What you have to do
Nothing but the lines below from the one holding "പരീക്ഷകൾ’ക്ക് നൂറാണ്ടിന്റെ തിളക്കം.’’" up to and including the one holding "メンズサイズのベストに、もん" should be copied, exactly and without pictures.

Data supplied
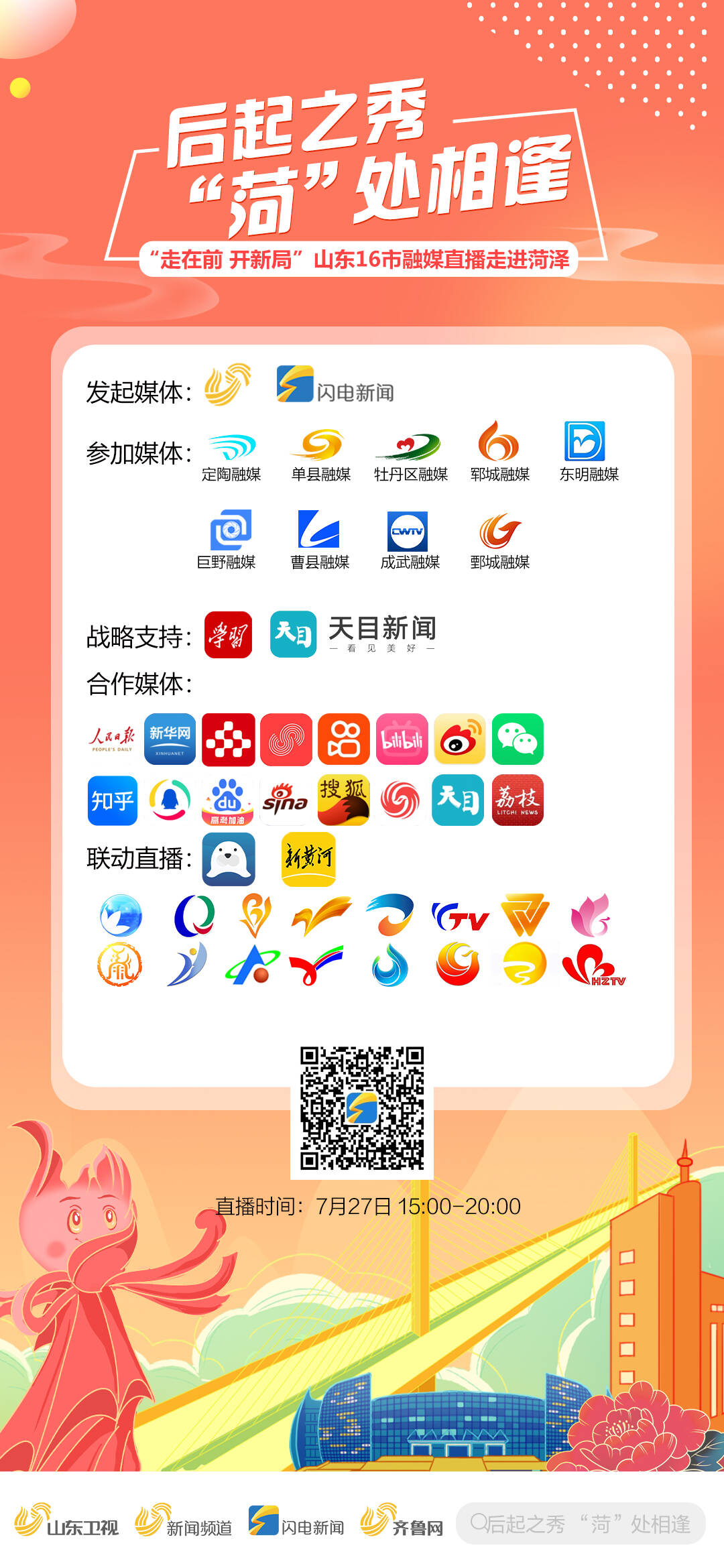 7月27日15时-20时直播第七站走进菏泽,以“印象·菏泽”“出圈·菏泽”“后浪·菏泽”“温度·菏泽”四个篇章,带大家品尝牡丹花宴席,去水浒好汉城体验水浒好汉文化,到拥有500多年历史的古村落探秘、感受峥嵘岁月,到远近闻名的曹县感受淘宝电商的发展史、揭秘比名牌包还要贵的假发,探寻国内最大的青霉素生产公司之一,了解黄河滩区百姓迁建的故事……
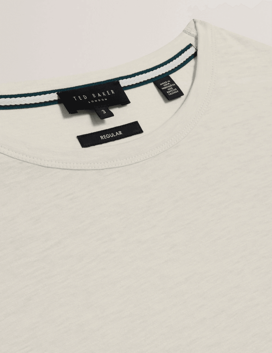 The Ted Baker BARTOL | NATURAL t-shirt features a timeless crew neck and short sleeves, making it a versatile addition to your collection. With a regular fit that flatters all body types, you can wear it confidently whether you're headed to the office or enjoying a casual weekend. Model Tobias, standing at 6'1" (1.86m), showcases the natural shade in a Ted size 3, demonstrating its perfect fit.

...

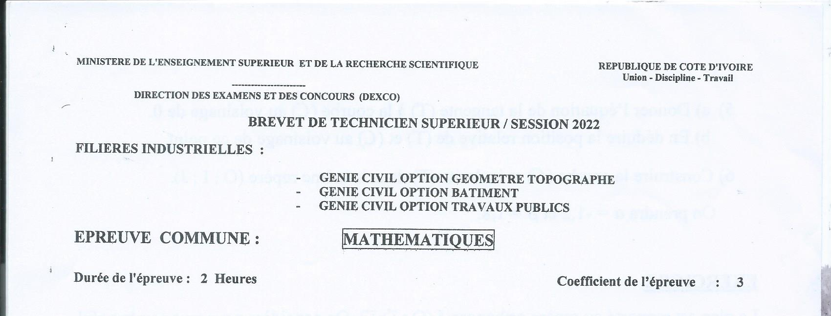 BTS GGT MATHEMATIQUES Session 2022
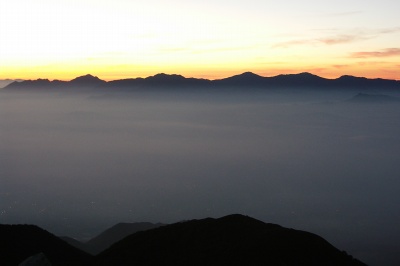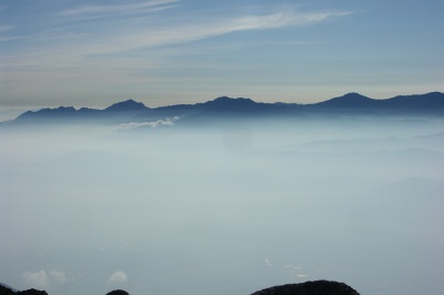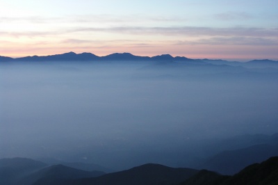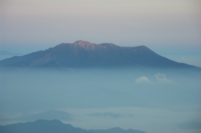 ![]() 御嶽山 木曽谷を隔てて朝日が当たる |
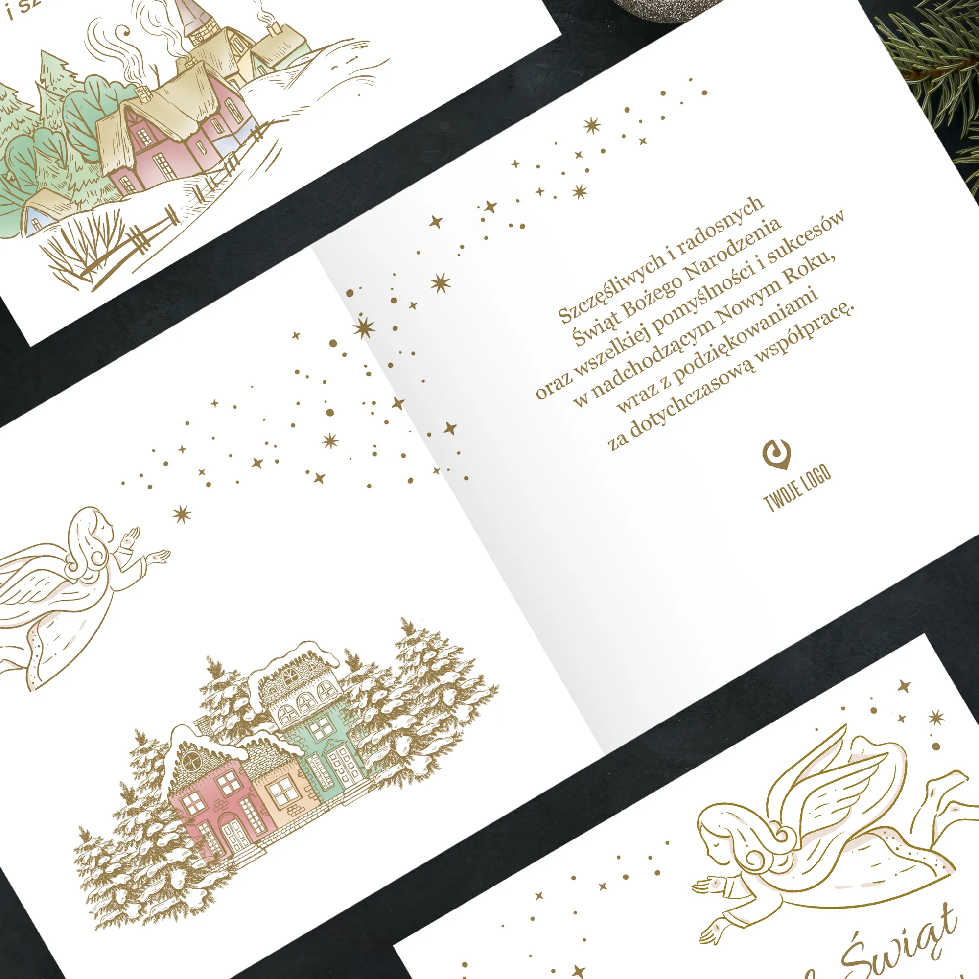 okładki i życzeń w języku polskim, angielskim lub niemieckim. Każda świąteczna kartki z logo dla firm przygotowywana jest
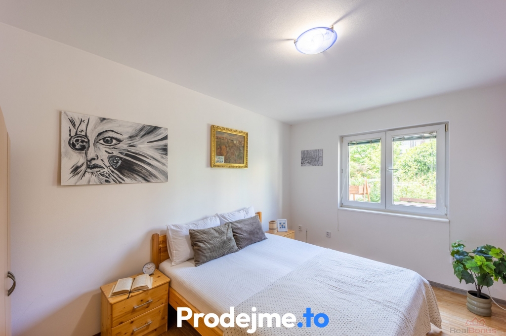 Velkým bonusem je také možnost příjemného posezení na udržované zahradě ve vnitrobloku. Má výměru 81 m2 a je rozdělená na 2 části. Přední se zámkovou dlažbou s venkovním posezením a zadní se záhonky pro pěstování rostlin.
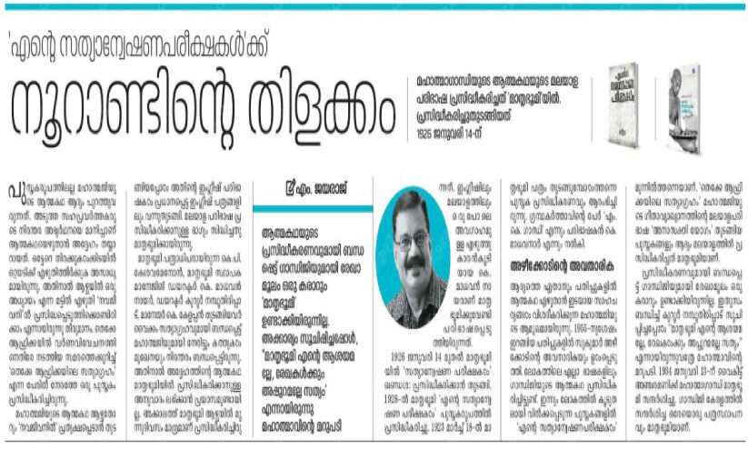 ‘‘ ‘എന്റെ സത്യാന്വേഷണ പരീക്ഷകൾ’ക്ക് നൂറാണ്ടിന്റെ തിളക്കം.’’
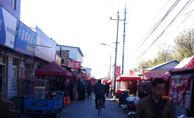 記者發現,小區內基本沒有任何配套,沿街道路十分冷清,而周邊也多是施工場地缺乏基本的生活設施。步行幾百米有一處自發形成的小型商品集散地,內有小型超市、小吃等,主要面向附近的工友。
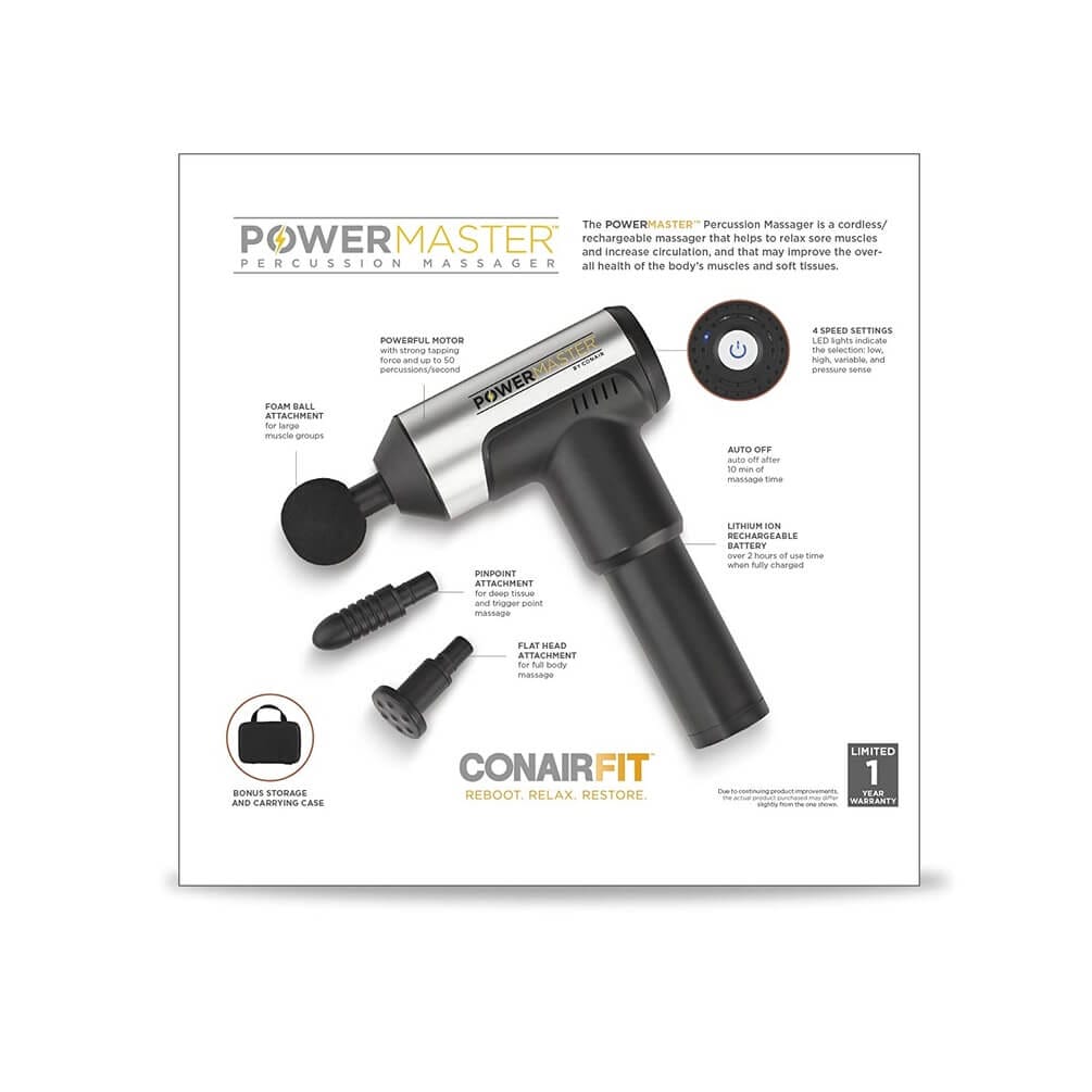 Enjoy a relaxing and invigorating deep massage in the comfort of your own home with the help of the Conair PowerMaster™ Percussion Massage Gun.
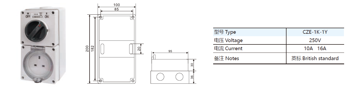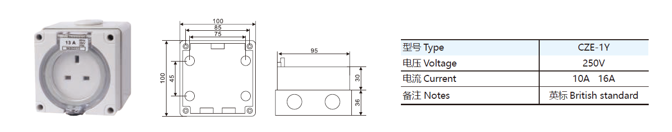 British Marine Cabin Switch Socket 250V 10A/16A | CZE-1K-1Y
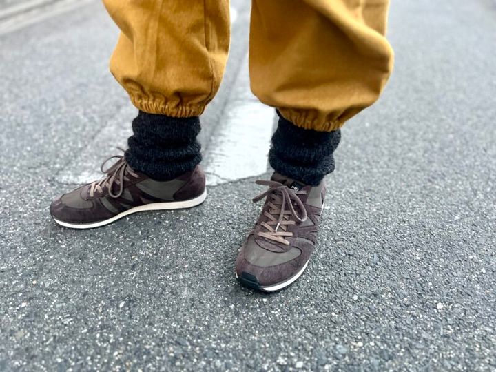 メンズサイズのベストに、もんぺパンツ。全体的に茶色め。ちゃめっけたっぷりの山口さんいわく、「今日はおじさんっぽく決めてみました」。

Output below
 ‘‘ ‘എന്റെ സത്യാന്വേഷണ പരീക്ഷകൾ’ക്ക് നൂറാണ്ടിന്റെ തിളക്കം.’’
 記者發現,小區內基本沒有任何配套,沿街道路十分冷清,而周邊也多是施工場地缺乏基本的生活設施。步行幾百米有一處自發形成的小型商品集散地,內有小型超市、小吃等,主要面向附近的工友。
 Enjoy a relaxing and invigorating deep massage in the comfort of your own home with the help of the Conair PowerMaster™ Percussion Massage Gun.
 British Marine Cabin Switch Socket 250V 10A/16A | CZE-1K-1Y
 メンズサイズのベストに、もんぺパンツ。全体的に茶色め。ちゃめっけたっぷりの山口さんいわく、「今日はおじさんっぽく決めてみました」。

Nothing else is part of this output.